▸ Records for processing
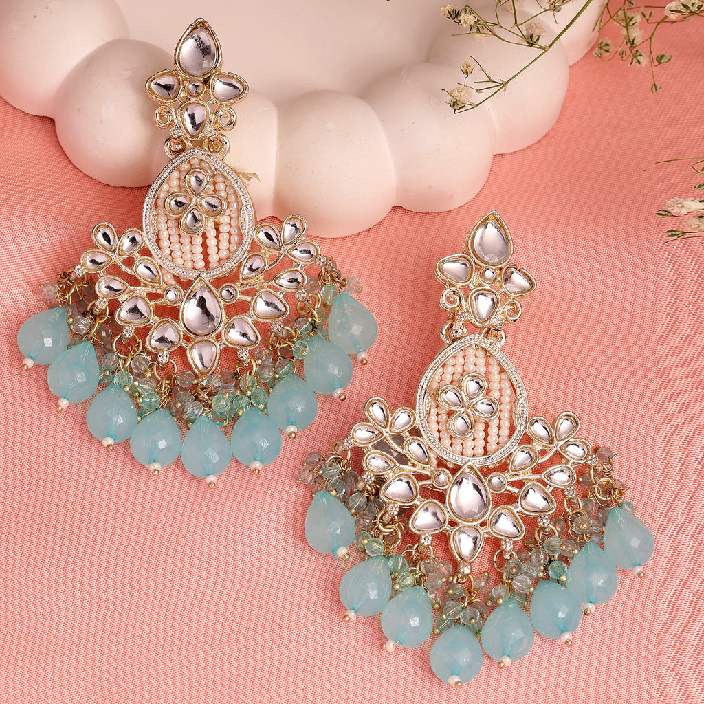 Traditional Gold Plated kundan Studded Blue & White Pearl Beaded Royal Jhumkas
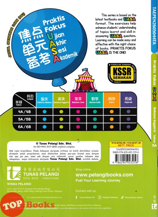 [TOPBOOKS Tunas Pelangi] Praktis Fokus UASA JSU Bahasa Inggeris Tahun 5A SJKC 焦点单元备考 英文 5A年级 (2026)
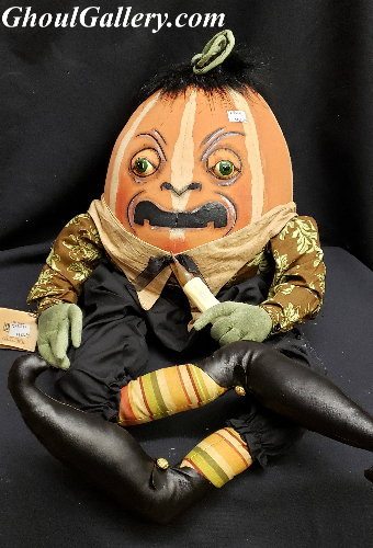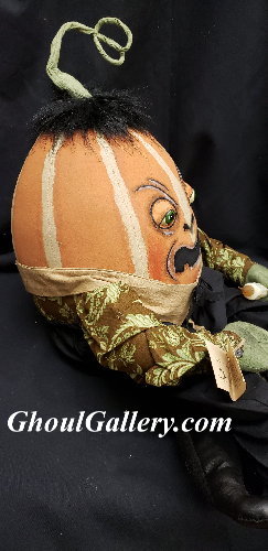 Another one of my favorites…reminiscent of Humpty Dumpty Pumpkin.He measures about 27″ head to toe. He hold a battery operate candle in one hand. He is a big bodied guy and is heavy with sand to to keep him upright,
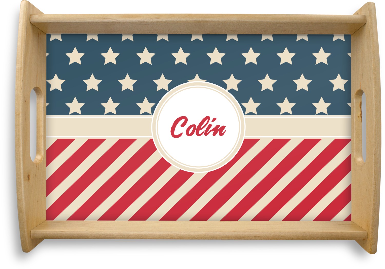 This serving tray with handles features square edges and two rounded sides, creating a very modern look. Each side is fabricated from a beautifully cut, natural wood. The bottom of the interior of the tray displays your customized design in bright, vibrant color. The tray is sold in both a black color and a natural wood look. Each variation of the wood serving tray has two sizes: Small, which is 14" x 10" x 2.25", and Large, which is 19.5" x 13.5" x 2.75".
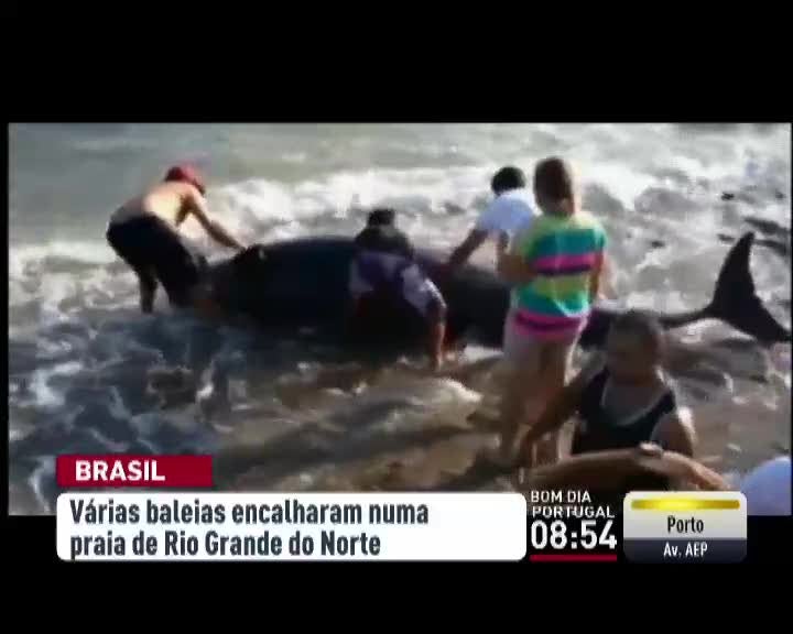 Dezenas de baleias-piloto encalharam numa praia do estado brasileiro do Rio Grande do Norte, no nordeste do país. A maior parte foi empurrada de volta para o mar, mas pelo menos seis animais morreram. Os bóologos não têm uma explicação para o fenómeno, pois esta espécie não costuma frequentar zonas costeiras. A marinha mantém-se vigilante. Algumas das baleias empurradas de volta para o mar continuam muito perto da costa e tentam voltar para o areal, onde podem encalhar novamente. As baleias-piloto adultas podem atingir até 8 metros e meio, pesam várias toneladas e têm cor negra.
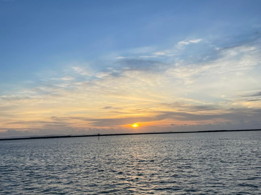 I enjoyed a delicious steak course on the sunset dinner cruise. In addition to the course, there was a buffet with salads and rice, so I was full. The weather was great, but clouds appeared just before the sunset. The photo is of the sunset taken 20 minutes before it set!
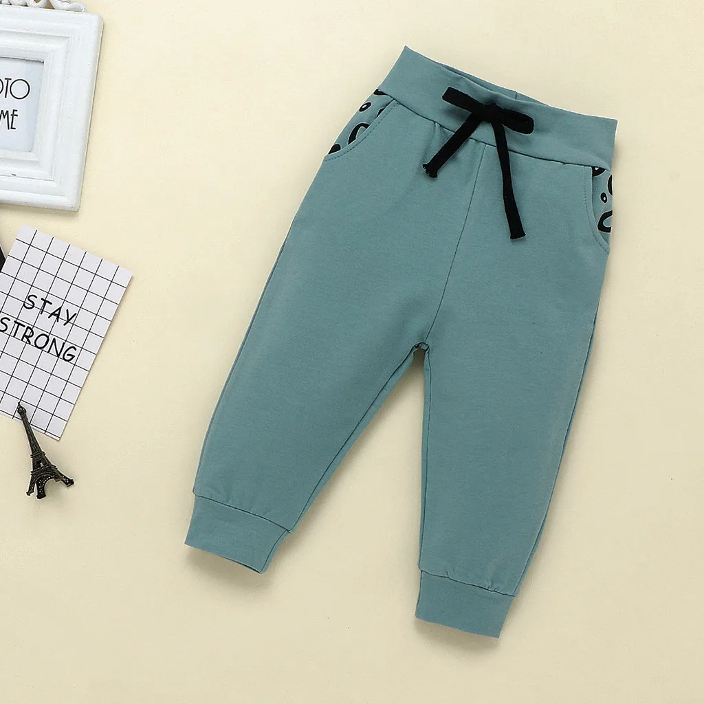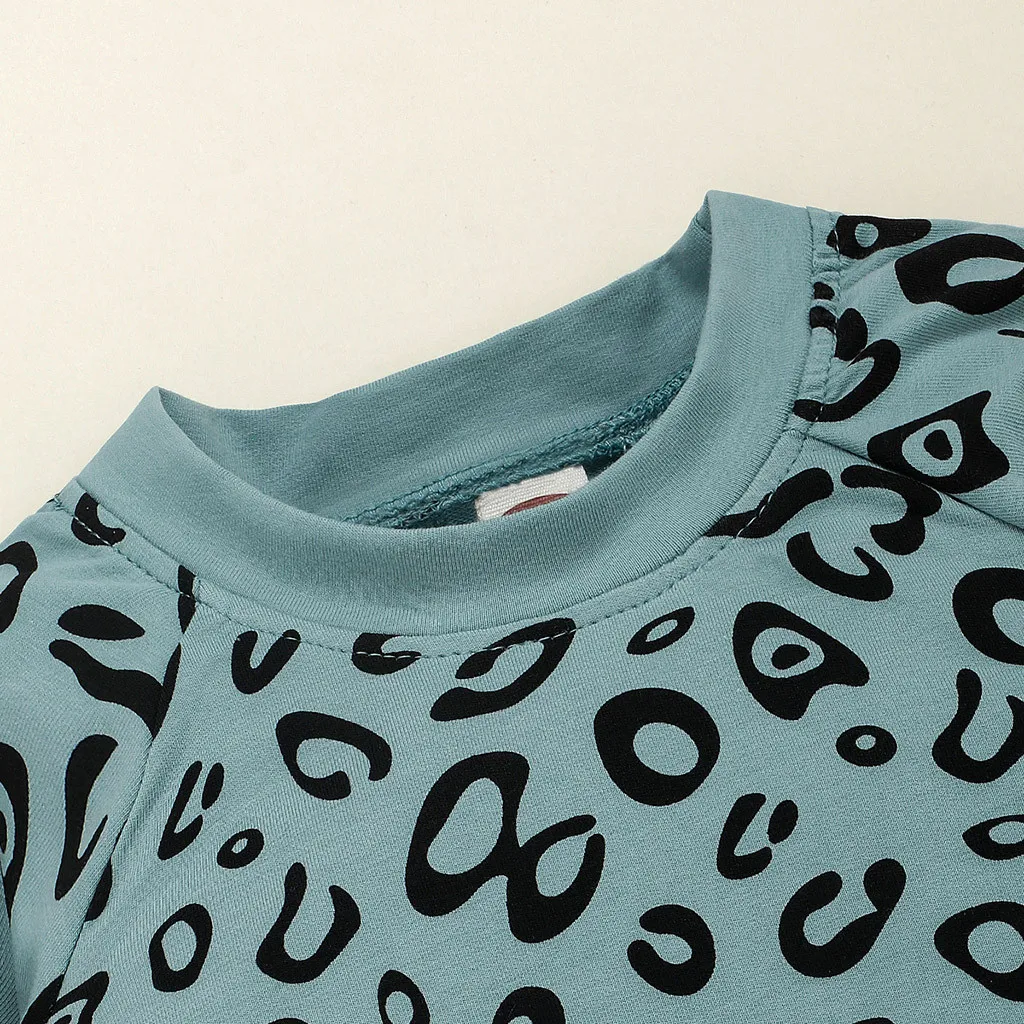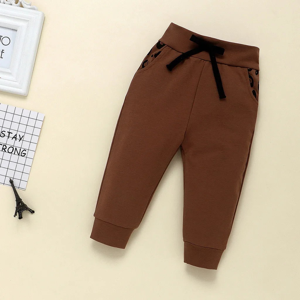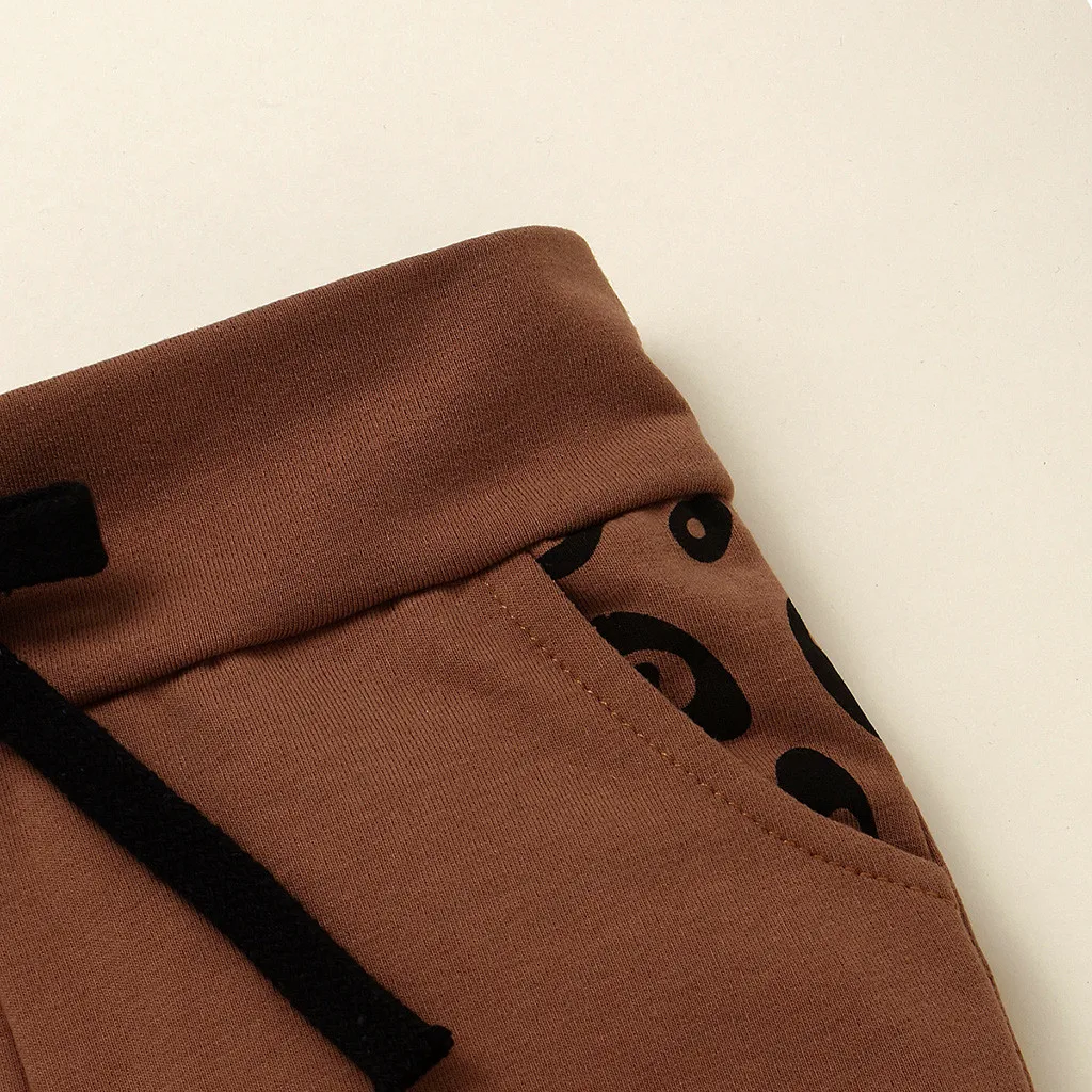 Одежда для маленьких мальчиков и девочек модный Леопардовый топ с длинными рукавами для мальчиков, милые однотонные штаны Детский костюм для мальчиков комплект из 2 предметов

▸ What is needed
Reproduce, exactly and only, the lines of the records above starting at the line with "[TOPBOOKS Tunas Pelangi]" and ending at the line with "This serving tray", both included. Leave every picture out.

▸ Result of this task
 [TOPBOOKS Tunas Pelangi] Praktis Fokus UASA JSU Bahasa Inggeris Tahun 5A SJKC 焦点单元备考 英文 5A年级 (2026)
 Another one of my favorites…reminiscent of Humpty Dumpty Pumpkin.He measures about 27″ head to toe. He hold a battery operate candle in one hand. He is a big bodied guy and is heavy with sand to to keep him upright,
 This serving tray with handles features square edges and two rounded sides, creating a very modern look. Each side is fabricated from a beautifully cut, natural wood. The bottom of the interior of the tray displays your customized design in bright, vibrant color. The tray is sold in both a black color and a natural wood look. Each variation of the wood serving tray has two sizes: Small, which is 14" x 10" x 2.25", and Large, which is 19.5" x 13.5" x 2.75".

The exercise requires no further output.